The state also has started to invest heavily in charging infrastructure to support a goal set by governor Jerry Brown (D) of 5mn zero-emission vehicles on the road by 2030. No similarly lofty goal exists for flex-fuel vehicles.

But the updated LCFS may also provide the industry with new opportunities.

The ARB plans to allow projects that capture CO2 and inject it into underground geologic formations to generate LCFS credits. A team of Stanford University researchers found that ethanol biorefineries could emerge as the primary beneficiary of such a move by taking advantage of favorable economics.

The average corn ethanol carbon intensity drops from 70g CO2e/megajoule to 40g CO2 with the use of carbon capture and sequestration, according to the ARB, which would earn producers more LCFS credits.

The industry may also get help from President Donald Trump, who appears intent on altering the federal Renewable Fuel Standard (RFS) in ways that could lead to more ethanol use in California.

A group of US senators emerged yesterday from a meeting with Trump and said he agreed to direct the US Environmental Protection Agency (EPA) to allow sales of gasoline with up to 15pc ethanol (E15) year-round.

The higher blend is normally prohibited during the summer months due to air pollution concerns.

Brooke Coleman, executive director of the Advanced Biofuels Business Council, said she was "encouraged that the White House has told EPA administrator [Scott] Pruitt to get to work immediately on a long-overdue fix to summer regulations that limit sales of E15."

California precludes the sale of E15, which is sold in 30 other states.

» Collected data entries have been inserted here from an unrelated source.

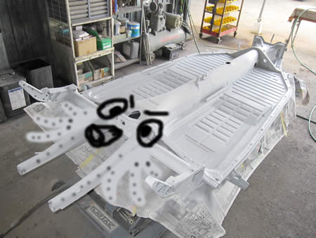 サイドメンバーの底板を外すと・・・スリラーに出てくる“ゾンビ”の服みたい・・・Oh〜〜no〜〜。
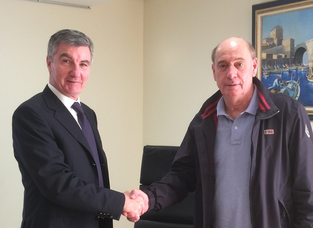 Photo: Lucien Miara président de la fédération du Crédit Mutuel Méditerranéen scèlle le partenariat avec Michel Mellot président du Martigues Volley ball
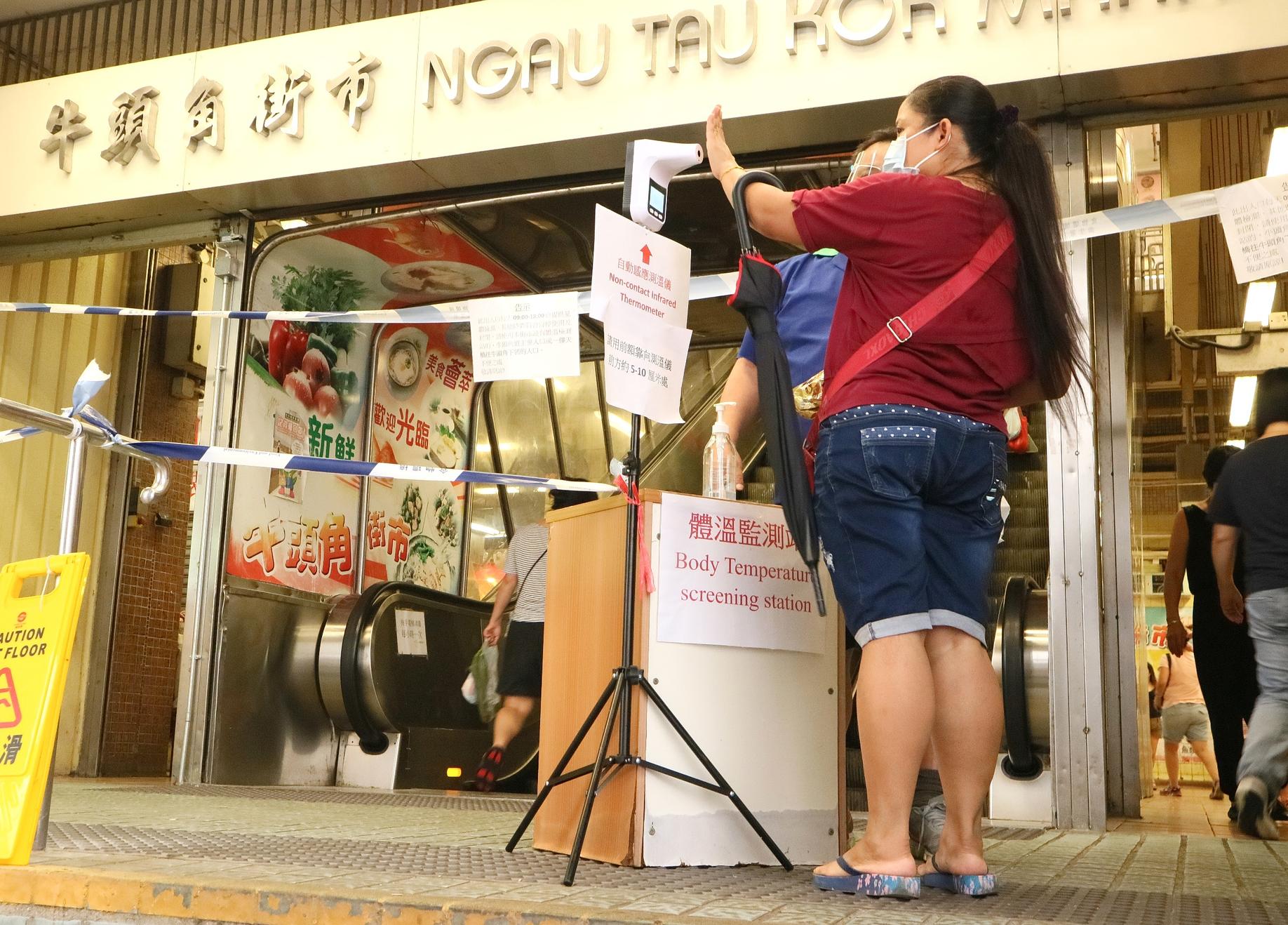 疫情下街市是高風險地方,因此政府在街市門口設有量體溫儀器,市民進入街市必須量體溫,這樣大家就可放心買菜。(冯翰文、蔡启文摄)
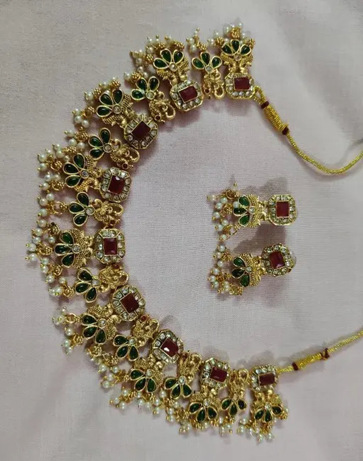Meticulously Crafted By Skilled Artisans, This Set Showcases The Timeless Beauty Of Traditional Indian Craftsmanship With Intricate Gold-Plated Detailing And Precise Stonework. The Alternating Pattern Of Square Multi Stones And Teardrop Green Emeralds Creates A Visually Striking Contrast, While The Delicate Pearl Clusters Add A Soft, Romantic Touch To The Bold Design.

The state limits ethanol to a 10pc blend, but ethanol groups are pushing to amend the regulation.

The ARB said it was "monitoring federal actions" and conducting tests but did not provide a timeline for further action.

Use of the fuel in California could cut greenhouse gas emissions by an additional 15mn-19mn t by 2030, the RFA estimates. That figure should appeal to state regulators who want to ensure that the LCFS plays a central role in reaching the state's climate goals.